According to the law of conservation of momentum, we have
[tex]p_{i1}+p_{i2}=p_{f1}+p_{f2}_{}[/tex]Where p = mv. So, using the definition of momentum, we have
[tex]m_1v_{i1}+m_2v_{i2}=m_1v_{f1}+m_2v_{f2}[/tex]Let's use the given magnitudes and replace them with their letters.

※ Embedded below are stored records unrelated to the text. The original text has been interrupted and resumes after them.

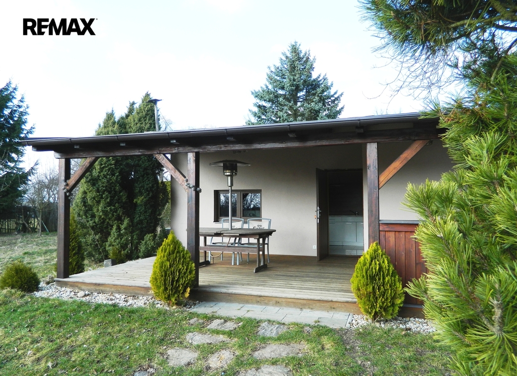 Prodej nízkoenergetické zděné chaty s pergolou 65 m2 a zahradou 1524 m2 v Chotovinách.
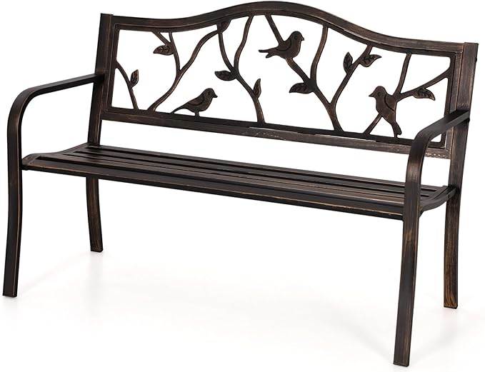 - 【Unique Bird Pattern】Elegant designed with the pastoral bird decoration on the backrest, add a sense of decoration to your patio, garden, lawn, backyard and more. Bronze color make the bench has the retro design style
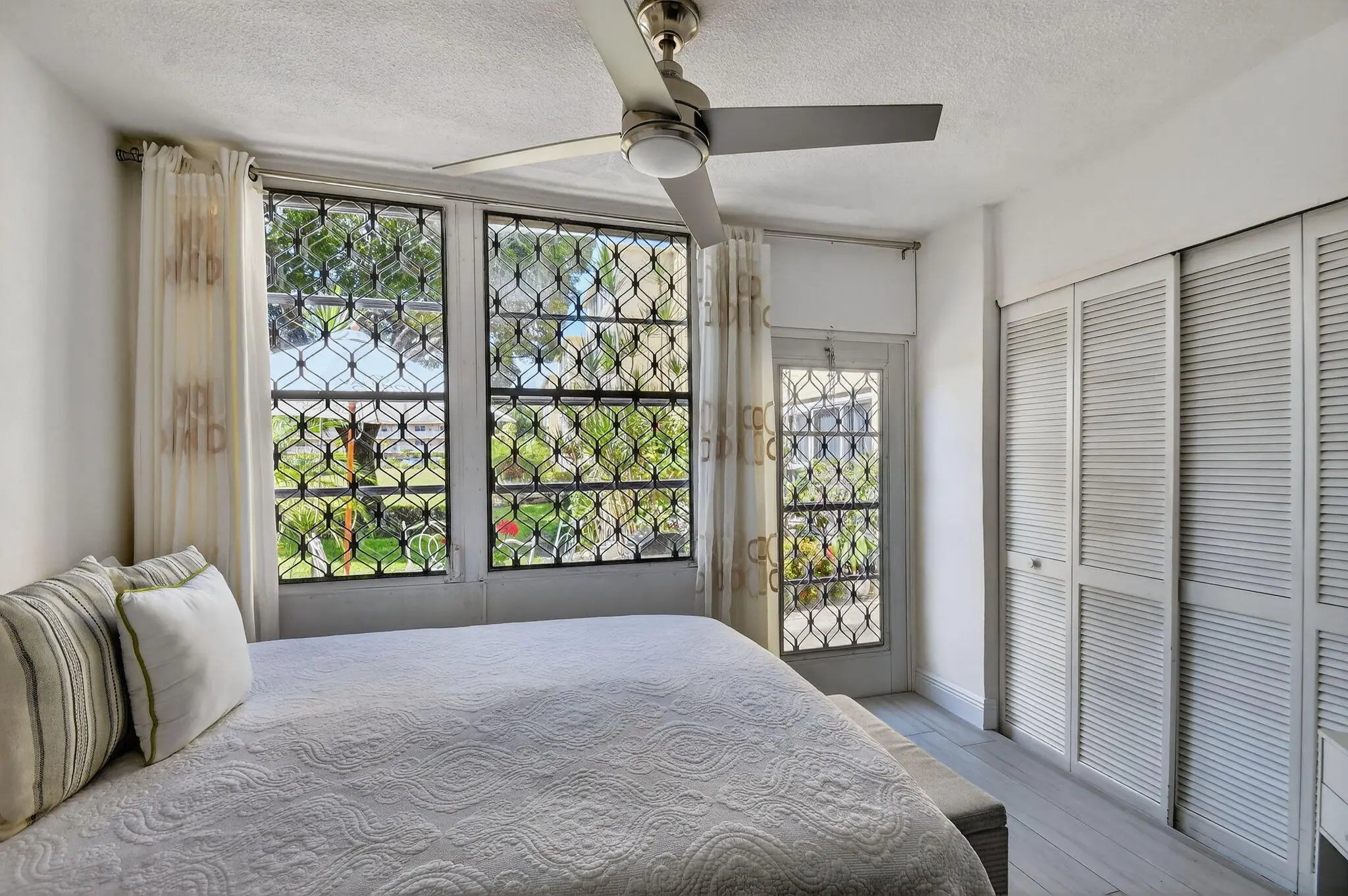 Ground floor, Parking right in front of your door, Updated with a beautiful patio w garden view and private. Completely updated! bedroom + DEN and 1.5 bathroom, with This home offers a bright and open floor plan with beautiful and serene garden views and a BBQ Area. Beautiful brand new kitchen featuring shaker cabinets, sleek quartz countertops with extra space for barstools area, new SS appliances and LED lights. New neutral porcelain wood-looking tile throughout the whole unit. Remodeled bathrooms, Fresh Paint. Concrete roof, New barn doors dividing Living room from the the lFlorida/Porch area. fantastic 55+ community with two clubhouses, two pools , Spa, Theater, Gym, Tennis/Pickeball courts, HOA includes Cable, Water, Building insurance, Pest control,
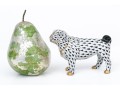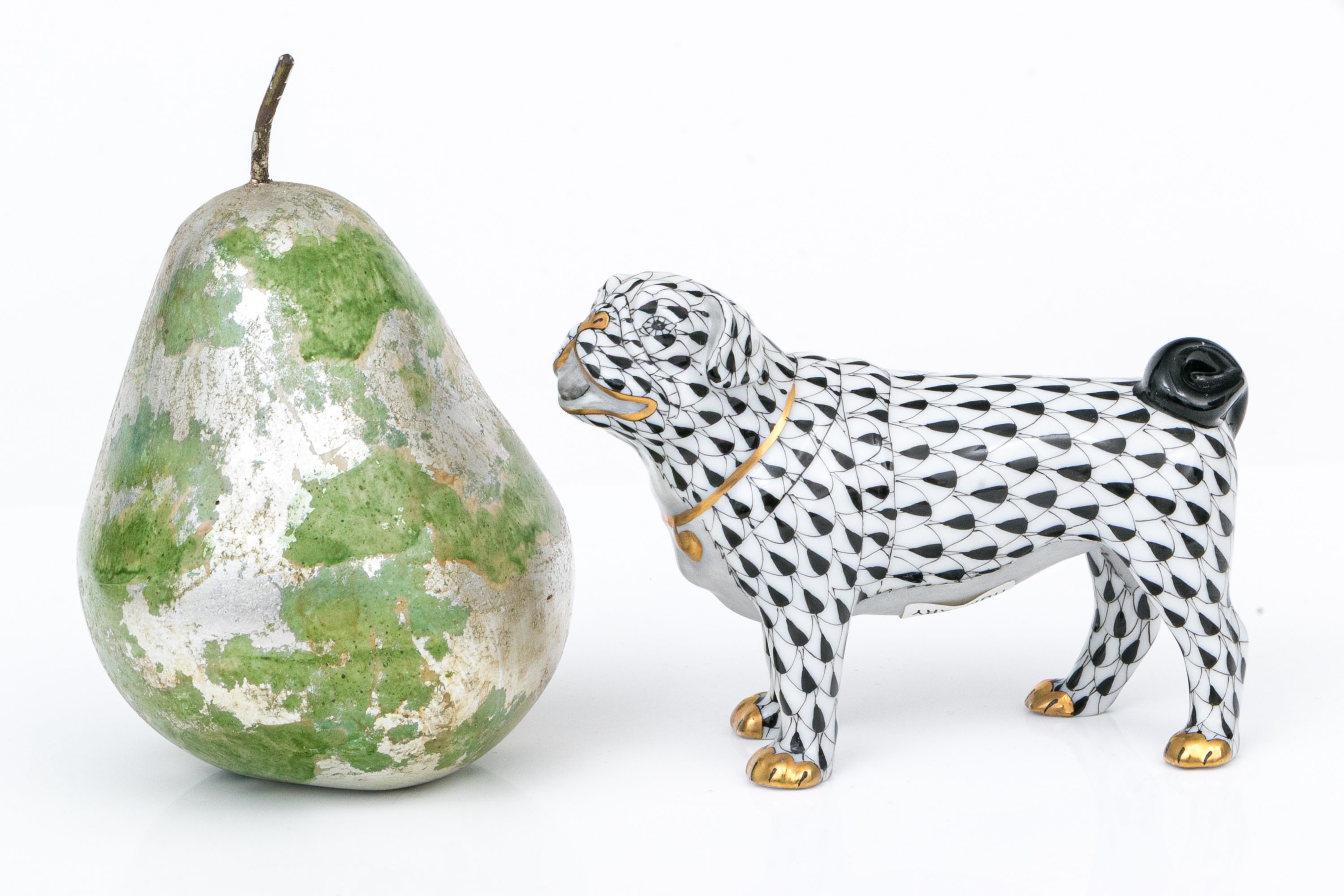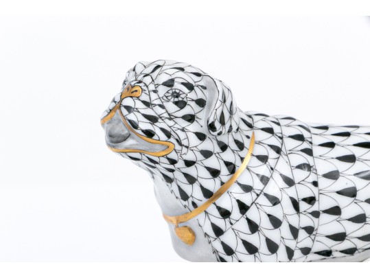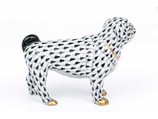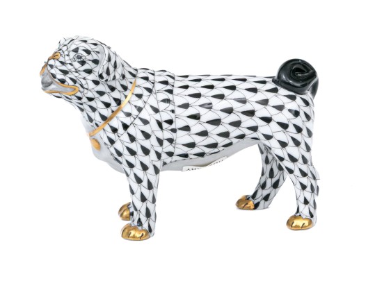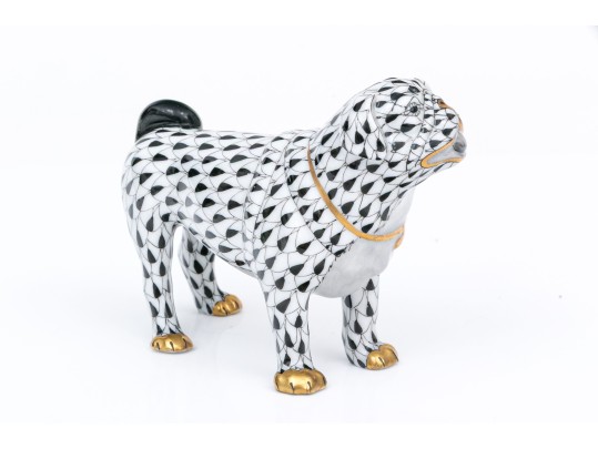 Herend Hungary porcelain pug figurine, hand-painted in the Black Fishnet pattern. The piece showcases the breed’s distinctive features — curled tail, expressive face, and proud stance.

[tex]1,391\operatorname{kg}\cdot17.4(\frac{m}{s})+1,280\operatorname{kg}\cdot v_{i2}=1,391\operatorname{kg}\cdot0+1,280\operatorname{kg}\cdot0[/tex]Observe that both final velocities are null because they come to stop. Let's solve for v.
[tex]\begin{gathered} 24,203.4\operatorname{kg}\cdot\frac{m}{s}+1,280\operatorname{kg}\cdot v_{i2}=0 \\ 1,280\operatorname{kg}\cdot v_{i2}=-24,203.4\operatorname{kg}\cdot\frac{m}{s} \\ v_{i2}=\frac{-24,203.4\operatorname{kg}\cdot\frac{m}{s}}{1,280\operatorname{kg}} \\ v_{i2}\approx-18.91(\frac{m}{s}) \end{gathered}[/tex]The negative sign shows that the second car is headed in the Western direction.